SOURCE INFORMATION:
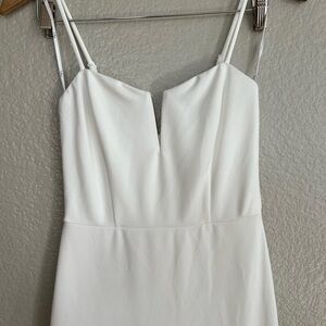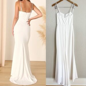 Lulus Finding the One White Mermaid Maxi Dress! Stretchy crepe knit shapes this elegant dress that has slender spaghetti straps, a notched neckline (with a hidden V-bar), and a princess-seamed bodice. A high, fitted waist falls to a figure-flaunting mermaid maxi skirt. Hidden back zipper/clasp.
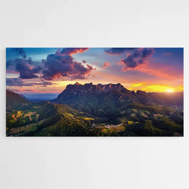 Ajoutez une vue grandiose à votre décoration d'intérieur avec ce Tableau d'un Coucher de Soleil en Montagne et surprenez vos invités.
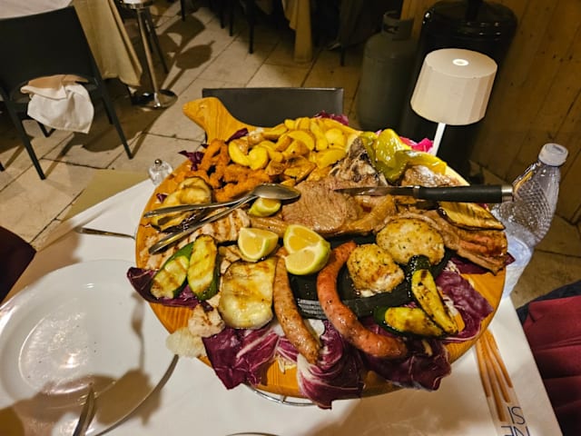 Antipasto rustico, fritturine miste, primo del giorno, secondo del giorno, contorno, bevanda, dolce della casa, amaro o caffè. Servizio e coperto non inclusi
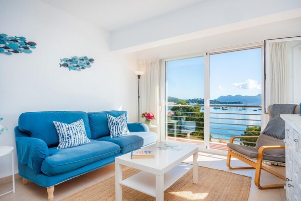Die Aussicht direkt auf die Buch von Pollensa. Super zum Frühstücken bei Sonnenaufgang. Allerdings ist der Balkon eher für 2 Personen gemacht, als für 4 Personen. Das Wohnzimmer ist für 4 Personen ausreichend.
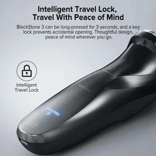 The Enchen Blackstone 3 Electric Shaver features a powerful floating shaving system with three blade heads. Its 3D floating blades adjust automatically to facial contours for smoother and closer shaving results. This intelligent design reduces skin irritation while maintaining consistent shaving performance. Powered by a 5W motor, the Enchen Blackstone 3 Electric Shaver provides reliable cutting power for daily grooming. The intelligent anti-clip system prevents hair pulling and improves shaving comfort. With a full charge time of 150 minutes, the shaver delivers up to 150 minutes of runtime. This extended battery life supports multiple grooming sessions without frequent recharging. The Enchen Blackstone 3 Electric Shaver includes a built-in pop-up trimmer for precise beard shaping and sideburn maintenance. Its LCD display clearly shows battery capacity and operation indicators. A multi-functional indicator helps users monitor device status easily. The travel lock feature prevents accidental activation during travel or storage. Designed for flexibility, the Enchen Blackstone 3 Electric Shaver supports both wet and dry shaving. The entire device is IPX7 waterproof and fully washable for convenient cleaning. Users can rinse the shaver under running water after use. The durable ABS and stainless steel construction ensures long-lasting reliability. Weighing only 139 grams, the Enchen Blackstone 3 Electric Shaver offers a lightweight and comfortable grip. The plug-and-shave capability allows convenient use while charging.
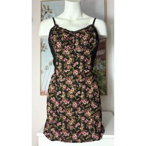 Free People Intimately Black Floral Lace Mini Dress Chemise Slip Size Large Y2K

TASK DETAILS: "Die Aussicht direkt" marks the last line to keep. Retype every line from the start of the entries through that one, exactly, and drop the pictures.

RESULT FOR THIS EXERCISE:
 Lulus Finding the One White Mermaid Maxi Dress! Stretchy crepe knit shapes this elegant dress that has slender spaghetti straps, a notched neckline (with a hidden V-bar), and a princess-seamed bodice. A high, fitted waist falls to a figure-flaunting mermaid maxi skirt. Hidden back zipper/clasp.
 Ajoutez une vue grandiose à votre décoration d'intérieur avec ce Tableau d'un Coucher de Soleil en Montagne et surprenez vos invités.
 Antipasto rustico, fritturine miste, primo del giorno, secondo del giorno, contorno, bevanda, dolce della casa, amaro o caffè. Servizio e coperto non inclusi
Die Aussicht direkt auf die Buch von Pollensa. Super zum Frühstücken bei Sonnenaufgang. Allerdings ist der Balkon eher für 2 Personen gemacht, als für 4 Personen. Das Wohnzimmer ist für 4 Personen ausreichend.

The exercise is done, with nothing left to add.